What needs to be done -
Return the data word for word. Pictures are to be omitted.

Recorded information -

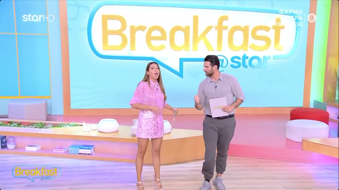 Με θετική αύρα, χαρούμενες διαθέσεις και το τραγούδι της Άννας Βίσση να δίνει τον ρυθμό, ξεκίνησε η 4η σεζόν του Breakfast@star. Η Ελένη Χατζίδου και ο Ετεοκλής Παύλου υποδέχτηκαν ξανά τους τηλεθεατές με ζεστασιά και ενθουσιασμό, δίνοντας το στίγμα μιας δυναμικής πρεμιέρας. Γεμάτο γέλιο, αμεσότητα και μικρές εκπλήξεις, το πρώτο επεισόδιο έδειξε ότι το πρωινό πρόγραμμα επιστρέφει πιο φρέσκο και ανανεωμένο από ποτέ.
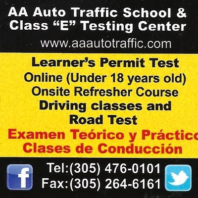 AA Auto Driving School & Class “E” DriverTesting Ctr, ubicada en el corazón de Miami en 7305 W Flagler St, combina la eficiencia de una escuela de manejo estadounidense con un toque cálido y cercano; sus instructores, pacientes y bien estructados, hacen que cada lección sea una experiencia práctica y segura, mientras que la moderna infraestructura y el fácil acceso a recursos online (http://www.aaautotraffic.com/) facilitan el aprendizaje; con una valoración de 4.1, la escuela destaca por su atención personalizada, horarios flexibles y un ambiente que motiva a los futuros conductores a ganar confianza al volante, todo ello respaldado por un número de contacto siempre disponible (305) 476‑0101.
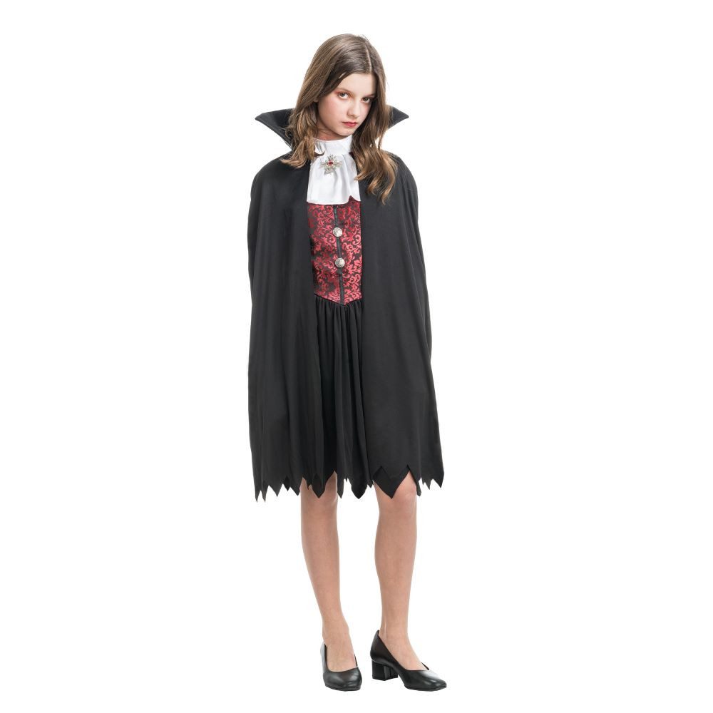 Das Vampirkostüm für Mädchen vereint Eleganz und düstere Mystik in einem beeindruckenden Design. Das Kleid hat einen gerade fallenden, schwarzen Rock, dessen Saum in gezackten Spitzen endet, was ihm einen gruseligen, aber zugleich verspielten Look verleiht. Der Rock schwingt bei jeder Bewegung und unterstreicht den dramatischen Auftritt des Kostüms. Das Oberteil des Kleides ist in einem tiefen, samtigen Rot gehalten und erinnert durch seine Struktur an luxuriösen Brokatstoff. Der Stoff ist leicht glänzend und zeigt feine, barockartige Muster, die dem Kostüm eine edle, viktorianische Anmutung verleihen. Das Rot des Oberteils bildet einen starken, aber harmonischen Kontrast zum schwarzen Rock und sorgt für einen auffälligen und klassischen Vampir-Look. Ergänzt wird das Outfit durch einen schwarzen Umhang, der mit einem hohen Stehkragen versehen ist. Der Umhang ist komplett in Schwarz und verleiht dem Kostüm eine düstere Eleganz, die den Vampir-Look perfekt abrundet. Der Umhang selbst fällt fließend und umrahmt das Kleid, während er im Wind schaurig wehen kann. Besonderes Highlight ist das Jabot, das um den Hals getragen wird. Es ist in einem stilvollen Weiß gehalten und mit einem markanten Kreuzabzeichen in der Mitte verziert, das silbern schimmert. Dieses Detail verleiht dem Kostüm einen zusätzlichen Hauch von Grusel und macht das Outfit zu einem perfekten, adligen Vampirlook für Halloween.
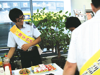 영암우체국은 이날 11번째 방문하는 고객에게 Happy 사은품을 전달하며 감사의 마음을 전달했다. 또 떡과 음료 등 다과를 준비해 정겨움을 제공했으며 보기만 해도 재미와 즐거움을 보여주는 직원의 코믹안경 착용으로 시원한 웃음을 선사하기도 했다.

Result of this exercise -
 Με θετική αύρα, χαρούμενες διαθέσεις και το τραγούδι της Άννας Βίσση να δίνει τον ρυθμό, ξεκίνησε η 4η σεζόν του Breakfast@star. Η Ελένη Χατζίδου και ο Ετεοκλής Παύλου υποδέχτηκαν ξανά τους τηλεθεατές με ζεστασιά και ενθουσιασμό, δίνοντας το στίγμα μιας δυναμικής πρεμιέρας. Γεμάτο γέλιο, αμεσότητα και μικρές εκπλήξεις, το πρώτο επεισόδιο έδειξε ότι το πρωινό πρόγραμμα επιστρέφει πιο φρέσκο και ανανεωμένο από ποτέ.
 AA Auto Driving School & Class “E” DriverTesting Ctr, ubicada en el corazón de Miami en 7305 W Flagler St, combina la eficiencia de una escuela de manejo estadounidense con un toque cálido y cercano; sus instructores, pacientes y bien estructados, hacen que cada lección sea una experiencia práctica y segura, mientras que la moderna infraestructura y el fácil acceso a recursos online (http://www.aaautotraffic.com/) facilitan el aprendizaje; con una valoración de 4.1, la escuela destaca por su atención personalizada, horarios flexibles y un ambiente que motiva a los futuros conductores a ganar confianza al volante, todo ello respaldado por un número de contacto siempre disponible (305) 476‑0101.
 Das Vampirkostüm für Mädchen vereint Eleganz und düstere Mystik in einem beeindruckenden Design. Das Kleid hat einen gerade fallenden, schwarzen Rock, dessen Saum in gezackten Spitzen endet, was ihm einen gruseligen, aber zugleich verspielten Look verleiht. Der Rock schwingt bei jeder Bewegung und unterstreicht den dramatischen Auftritt des Kostüms. Das Oberteil des Kleides ist in einem tiefen, samtigen Rot gehalten und erinnert durch seine Struktur an luxuriösen Brokatstoff. Der Stoff ist leicht glänzend und zeigt feine, barockartige Muster, die dem Kostüm eine edle, viktorianische Anmutung verleihen. Das Rot des Oberteils bildet einen starken, aber harmonischen Kontrast zum schwarzen Rock und sorgt für einen auffälligen und klassischen Vampir-Look. Ergänzt wird das Outfit durch einen schwarzen Umhang, der mit einem hohen Stehkragen versehen ist. Der Umhang ist komplett in Schwarz und verleiht dem Kostüm eine düstere Eleganz, die den Vampir-Look perfekt abrundet. Der Umhang selbst fällt fließend und umrahmt das Kleid, während er im Wind schaurig wehen kann. Besonderes Highlight ist das Jabot, das um den Hals getragen wird. Es ist in einem stilvollen Weiß gehalten und mit einem markanten Kreuzabzeichen in der Mitte verziert, das silbern schimmert. Dieses Detail verleiht dem Kostüm einen zusätzlichen Hauch von Grusel und macht das Outfit zu einem perfekten, adligen Vampirlook für Halloween.
 영암우체국은 이날 11번째 방문하는 고객에게 Happy 사은품을 전달하며 감사의 마음을 전달했다. 또 떡과 음료 등 다과를 준비해 정겨움을 제공했으며 보기만 해도 재미와 즐거움을 보여주는 직원의 코믹안경 착용으로 시원한 웃음을 선사하기도 했다.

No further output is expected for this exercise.